Silk route to earn a livelihood

Silk route to earn a livelihood

Silk route to earn a livelihood

SPINNING yarN Many families in Doddaballapur and Chikballapur depend on silk reeling units for their livelihood. Photo by the author

The views of the sprawling townships around Bangalore are wrapped in its fold and are lost in the silky fabric. We slowly reach downhill,  following  the curves of the road, but the fog disappears unveiling small pockets of villages.

We stop by at one such nondescript hamlet and stretch our limbs. The roads seem to lead nowhere. The only signs of civilisation are a few humble homes scattered randomly in the landscape, a pack of street dogs having a noisy fight and a flock of chicken heading aimlessly, cluttering among themselves, exchanging perhaps gossip. We follow a lane that leads us to our destination, a small rudimentary shelter that offers the comfort of a simple house. Our host is Syed, who runs a small silk reeling unit, a livelihood that most families in nearby towns Doddaballapur and Chikballapur still depend on. Syed has gone to the market, says Fauzia, who manages the unit in his absence. She carries with her a basket full of cocoons of the silkworms and throws them in a huge pan of hot water.
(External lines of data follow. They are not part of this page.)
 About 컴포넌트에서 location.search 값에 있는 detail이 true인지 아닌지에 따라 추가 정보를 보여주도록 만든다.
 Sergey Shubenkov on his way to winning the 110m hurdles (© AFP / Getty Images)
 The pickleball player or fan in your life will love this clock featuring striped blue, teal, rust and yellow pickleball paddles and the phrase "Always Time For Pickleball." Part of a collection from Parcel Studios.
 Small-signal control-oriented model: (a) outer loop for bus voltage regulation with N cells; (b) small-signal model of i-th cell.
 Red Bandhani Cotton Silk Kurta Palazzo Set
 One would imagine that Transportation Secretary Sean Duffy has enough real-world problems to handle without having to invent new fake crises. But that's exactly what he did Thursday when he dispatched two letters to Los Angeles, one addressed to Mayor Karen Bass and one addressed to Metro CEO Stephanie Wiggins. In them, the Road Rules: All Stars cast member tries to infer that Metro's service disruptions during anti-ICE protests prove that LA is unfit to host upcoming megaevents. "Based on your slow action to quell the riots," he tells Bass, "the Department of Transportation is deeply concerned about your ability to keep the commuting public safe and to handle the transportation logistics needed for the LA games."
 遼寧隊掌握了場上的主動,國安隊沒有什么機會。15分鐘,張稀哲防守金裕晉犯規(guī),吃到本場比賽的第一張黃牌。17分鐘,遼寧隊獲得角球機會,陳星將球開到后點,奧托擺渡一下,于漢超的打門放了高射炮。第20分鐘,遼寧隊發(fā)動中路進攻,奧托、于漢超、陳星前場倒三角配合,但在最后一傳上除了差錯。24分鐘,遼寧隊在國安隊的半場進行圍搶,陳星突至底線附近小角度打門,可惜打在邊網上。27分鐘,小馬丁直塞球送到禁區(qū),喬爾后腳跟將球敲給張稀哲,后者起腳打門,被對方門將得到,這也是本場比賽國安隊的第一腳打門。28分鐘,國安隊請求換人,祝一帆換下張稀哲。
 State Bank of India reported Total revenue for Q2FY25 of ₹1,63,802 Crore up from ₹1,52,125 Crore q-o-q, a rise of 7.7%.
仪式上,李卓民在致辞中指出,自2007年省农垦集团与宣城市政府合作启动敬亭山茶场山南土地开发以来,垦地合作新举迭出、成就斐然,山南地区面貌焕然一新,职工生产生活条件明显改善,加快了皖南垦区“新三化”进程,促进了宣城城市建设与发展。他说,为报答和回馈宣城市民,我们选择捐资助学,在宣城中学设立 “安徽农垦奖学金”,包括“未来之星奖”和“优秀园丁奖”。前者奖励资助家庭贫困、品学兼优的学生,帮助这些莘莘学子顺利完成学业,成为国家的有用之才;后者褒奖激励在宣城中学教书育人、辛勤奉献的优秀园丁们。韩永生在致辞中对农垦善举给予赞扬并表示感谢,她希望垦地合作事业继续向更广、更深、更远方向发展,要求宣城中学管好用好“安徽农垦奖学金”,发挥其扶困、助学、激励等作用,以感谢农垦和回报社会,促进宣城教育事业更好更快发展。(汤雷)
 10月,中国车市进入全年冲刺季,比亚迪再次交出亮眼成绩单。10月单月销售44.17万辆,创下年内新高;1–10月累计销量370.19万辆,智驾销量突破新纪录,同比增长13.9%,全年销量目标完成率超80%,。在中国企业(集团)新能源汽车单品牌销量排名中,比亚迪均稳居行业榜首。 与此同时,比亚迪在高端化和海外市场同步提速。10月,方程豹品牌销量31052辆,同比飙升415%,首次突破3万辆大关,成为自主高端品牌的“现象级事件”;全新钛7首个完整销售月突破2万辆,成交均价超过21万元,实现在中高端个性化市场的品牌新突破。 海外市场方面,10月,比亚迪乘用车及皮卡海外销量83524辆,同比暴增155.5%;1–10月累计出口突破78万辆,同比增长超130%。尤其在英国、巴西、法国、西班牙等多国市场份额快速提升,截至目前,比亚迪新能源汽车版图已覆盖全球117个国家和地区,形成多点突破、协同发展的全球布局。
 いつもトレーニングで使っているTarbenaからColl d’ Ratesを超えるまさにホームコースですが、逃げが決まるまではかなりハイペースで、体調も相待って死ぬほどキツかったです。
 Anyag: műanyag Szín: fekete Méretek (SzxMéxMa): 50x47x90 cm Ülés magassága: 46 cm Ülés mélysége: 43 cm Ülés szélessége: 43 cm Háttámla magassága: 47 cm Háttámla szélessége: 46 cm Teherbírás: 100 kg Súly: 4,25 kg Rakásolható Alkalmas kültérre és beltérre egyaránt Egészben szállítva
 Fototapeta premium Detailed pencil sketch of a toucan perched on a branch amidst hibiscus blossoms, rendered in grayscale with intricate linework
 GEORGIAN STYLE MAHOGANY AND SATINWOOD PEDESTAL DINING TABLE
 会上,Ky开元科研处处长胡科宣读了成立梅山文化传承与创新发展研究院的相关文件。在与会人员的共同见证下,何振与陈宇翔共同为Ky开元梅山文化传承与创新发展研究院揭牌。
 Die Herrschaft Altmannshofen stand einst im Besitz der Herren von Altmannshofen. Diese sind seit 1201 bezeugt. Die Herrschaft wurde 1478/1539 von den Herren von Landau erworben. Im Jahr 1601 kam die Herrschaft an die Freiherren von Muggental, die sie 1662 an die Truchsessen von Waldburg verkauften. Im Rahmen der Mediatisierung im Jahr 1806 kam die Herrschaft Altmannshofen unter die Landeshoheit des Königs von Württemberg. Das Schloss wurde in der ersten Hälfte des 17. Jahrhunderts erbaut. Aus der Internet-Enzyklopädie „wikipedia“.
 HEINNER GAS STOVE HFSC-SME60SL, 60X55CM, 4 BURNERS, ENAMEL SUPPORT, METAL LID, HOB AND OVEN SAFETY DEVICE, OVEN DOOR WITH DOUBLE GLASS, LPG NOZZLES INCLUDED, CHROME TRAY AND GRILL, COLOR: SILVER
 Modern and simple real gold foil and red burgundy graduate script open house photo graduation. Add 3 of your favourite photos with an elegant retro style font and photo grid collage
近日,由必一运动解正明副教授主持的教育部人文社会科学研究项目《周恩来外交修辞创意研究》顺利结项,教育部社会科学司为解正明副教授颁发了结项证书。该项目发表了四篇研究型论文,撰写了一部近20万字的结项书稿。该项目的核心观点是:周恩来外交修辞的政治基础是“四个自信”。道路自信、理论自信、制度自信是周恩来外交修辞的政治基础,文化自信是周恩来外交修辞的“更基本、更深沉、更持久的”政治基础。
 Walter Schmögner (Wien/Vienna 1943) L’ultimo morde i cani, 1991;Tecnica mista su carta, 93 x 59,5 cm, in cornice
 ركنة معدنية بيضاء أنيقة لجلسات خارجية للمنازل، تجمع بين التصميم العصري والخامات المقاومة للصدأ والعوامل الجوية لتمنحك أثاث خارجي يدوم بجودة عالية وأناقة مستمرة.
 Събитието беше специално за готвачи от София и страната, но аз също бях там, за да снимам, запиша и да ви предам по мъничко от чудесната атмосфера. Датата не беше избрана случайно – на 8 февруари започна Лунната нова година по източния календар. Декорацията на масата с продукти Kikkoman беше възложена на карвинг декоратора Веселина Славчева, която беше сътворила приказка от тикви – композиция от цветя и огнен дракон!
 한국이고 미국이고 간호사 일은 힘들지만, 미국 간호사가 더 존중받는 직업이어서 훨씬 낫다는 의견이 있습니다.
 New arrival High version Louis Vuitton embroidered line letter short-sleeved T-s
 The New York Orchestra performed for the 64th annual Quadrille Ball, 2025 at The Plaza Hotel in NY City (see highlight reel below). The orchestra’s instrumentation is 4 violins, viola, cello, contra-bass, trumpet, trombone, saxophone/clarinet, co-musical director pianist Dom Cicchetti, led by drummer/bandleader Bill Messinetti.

We leave our footwear outside and enter the dingy room. The windows are opened out, as smoke soon fills up inside the unit. My eyes get accustomed to the haze as I take a look around. Two women are working on the reeling units extracting silk from the cocoons, grappling with the heat on their faces. Baskets filled with silkworms and cocoons lie around.

Inside the pan, the water boils as one of the women scoops the waste filaments out and flings them around inside another basket. Some wet filaments are hanging around the machines. “We sell the waste and the caterpillars locally to fisheries also,” says Salma, as she joins her sister Fauzia and explains the routine to us.

It’s an eight-hour shift for these women as they begin their day at 7 am. They buy the cocoons in large quantities from the local market and store it in their unit. Sometimes they  purchase from the local society that  acts as a bridge between units who are into sericulture.

The farmers feed the caterpillars with mulberry leaves and wait for them to spin themselves into a cocoon. The cocoons are then sold to units who extract the silk from the harvested cocoons by a process called reeling. Fauzia says, “We first cook the cocoons in boiling water.” This, she explains helps to soften a gum called sericin, that  holds the silk filaments together in the cocoon.

The fibres are then unwound to form a thread. She then asks one of the women to show the process to us. From the softened cooked cocoon, the worker deftly removes thin strands of fibre  and  points to small button holes where the filaments are then  wound on to a wheel through these button holes. A deafening noise fills the room as the machines start working on the filaments which are slowly removed together to form silk threads.

This process is called the cottage basin method where multiple threads are then extracted from the cocoons to form silk every day.

Fauzia shows me the creamy soft threads which are tied together and hung on the wall. The finished yarn is then hung on a nail and weighed and sold to the market or to the local society. “But there is very less money these days,” explains Salma as she takes out the weighing machine. Their profits are obviously dwindling by the day. What started as a fledgling industry by ruler Tipu Sultan in Channapatna and further developed by the Mysore Maharajas and Jamshedji Tata  is probably just about  surviving today.  

Meanhwhile the kids return from school and pose for our cameras as one of the women gets up to leave.  Tired because of the heat around her, she is however amused by the attention that we give her. While I ask her about her work, all that she replies is:  Bahut salon se kar rahi hoon mein … (I’ve been doing this for many years …) and breaks out laughing.

It’s almost three pm and Fauzia gets busy with packing the yarn. We take one last look at the room and some of the cocoons still float in the hot water.  It reminded me of the ancient Chinese myth that I had read about an Empress called Si Ling, also known as Goddess of the silk worm.

The legend goes that a cocoon fell into the princess’ cup of tea and it became silk  when the hot liquid unwound it. The princess went on to become the patron goddess of the industry as well. As I step out, I realise that all I need now is a strong  cup of tea.